Class: Bolt::Transport::Local::Shell

Inherits:

Sudoable::Connection

• Object
• Sudoable::Connection
• Bolt::Transport::Local::Shell

Defined in:

lib/bolt/transport/local/shell.rb

Constant Summary

CHUNK_SIZE =

4096

Instance Attribute Summary

• #logger ⇒ Object

  Returns the value of attribute logger.

• #run_as ⇒ Object writeonly

  Sets the attribute run_as.

• #target ⇒ Object

  Returns the value of attribute target.

• #user ⇒ Object

  Returns the value of attribute user.

Instance Method Summary

• #check_sudo(out, inp, pid, stdin) ⇒ Object

  See if there’s a sudo prompt in the output If not, return the output.

• #copy_file(source, dest) ⇒ Object
• #execute(command, sudoable: true, **options) ⇒ Object
• #handle_sudo(stdin, err, pid, sudo_stdin) ⇒ Object

  If prompted for sudo password, send password to stdin and return an empty string.

• #handle_sudo_errors(err, pid) ⇒ Object
• #initialize(target) ⇒ Shell constructor

  A new instance of Shell.

• #with_tmpscript(script) ⇒ Object

Methods inherited from Sudoable::Connection

#build_sudoable_command_str, #inject_interpreter, #make_executable, #make_tempdir, #prepend_sudo_success, #run_as, #running_as, #with_tempdir, #write_executable

Constructor Details

#initialize(target) ⇒ Shell

Returns a new instance of Shell.

# File 'lib/bolt/transport/local/shell.rb', line 17

def initialize(target)
  @target = target
  # The familiar problem: Etc.getlogin is broken on osx
  @user = ENV['USER'] || Etc.getlogin
  @run_as = target.options['run-as']
  @logger = Logging.logger[self]
  @sudo_id = SecureRandom.uuid
end

Instance Attribute Details

#logger ⇒ Object

Returns the value of attribute logger.

# File 'lib/bolt/transport/local/shell.rb', line 12

def logger
  @logger
end

#run_as=(value) ⇒ Object (writeonly)

Sets the attribute run_as

Parameters:

• value —

  the value to set the attribute run_as to.
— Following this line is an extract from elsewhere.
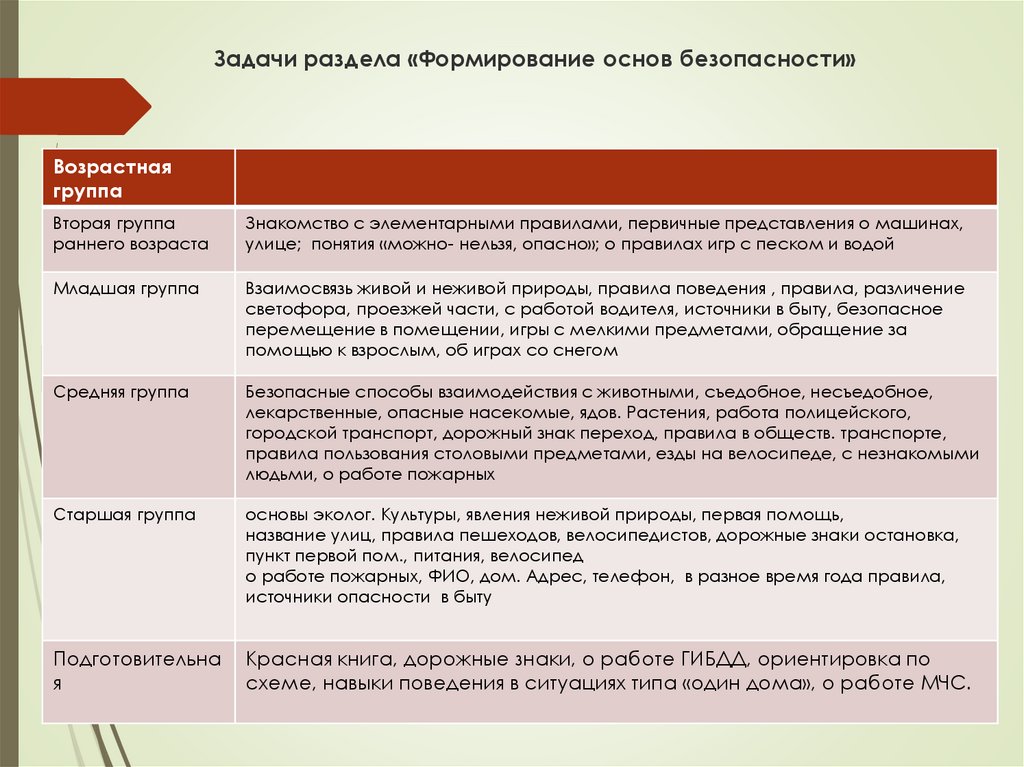 Задачи раздела «Формирование основ безопасности»Возрастная
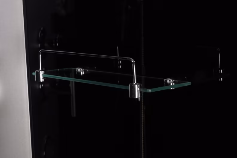 Комплектация: поддон, сифон, полочка, стенки, профиль, ролики одинарные, крыша, смеситель 2 позиции, тропический душ, дополнительная лейка.

# File 'lib/bolt/transport/local/shell.rb', line 13

def run_as=(value)
  @run_as = value
end

#target ⇒ Object

Returns the value of attribute target.

# File 'lib/bolt/transport/local/shell.rb', line 12

def target
  @target
end

#user ⇒ Object

Returns the value of attribute user.

# File 'lib/bolt/transport/local/shell.rb', line 12

def user
  @user
end

Instance Method Details

#check_sudo(out, inp, pid, stdin) ⇒ Object

See if there’s a sudo prompt in the output If not, return the output

# File 'lib/bolt/transport/local/shell.rb', line 107

def check_sudo(out, inp, pid, stdin)
  buffer = out.readpartial(CHUNK_SIZE)
  # Split on newlines, including the newline
  lines = buffer.split(/(?<=[\n])/)
  # handle_sudo will return the line if it is not a sudo prompt or error
  lines.map! { |line| handle_sudo(inp, line, pid, stdin) }
  lines.join("")
# If stream has reached EOF, no password prompt is expected
# return an empty string
rescue EOFError
  ''
end

#copy_file(source, dest) ⇒ Object

# File 'lib/bolt/transport/local/shell.rb', line 75

def copy_file(source, dest)
  @logger.debug { "Uploading #{source}, to #{dest}" }
  if source.is_a?(StringIO)
    File.open("tempfile", "w") { |f| f.write(source.read) }
    execute(['mv', 'tempfile', dest])
  else
    # Mimic the behavior of `cp --remove-destination`
    # since the flag isn't supported on MacOS
    result = execute(['rm', '-rf', dest])
    if result.exit_code != 0
      message = "Could not remove existing file #{dest}: #{result.stderr.string}"
      raise Bolt::Node::FileError.new(message, 'REMOVE_ERROR')
    end

    result = execute(['cp', '-r', source, dest])
    if result.exit_code != 0
      message = "Could not copy file to #{dest}: #{result.stderr.string}"
      raise Bolt::Node::FileError.new(message, 'COPY_ERROR')
    end
  end
end

#execute(command, sudoable: true, **options) ⇒ Object

# File 'lib/bolt/transport/local/shell.rb', line 120

def execute(command, sudoable: true, **options)
  run_as = options[:run_as] || self.run_as
  escalate = sudoable && run_as && @user != run_as
  use_sudo = escalate && @target.options['run-as-command'].nil?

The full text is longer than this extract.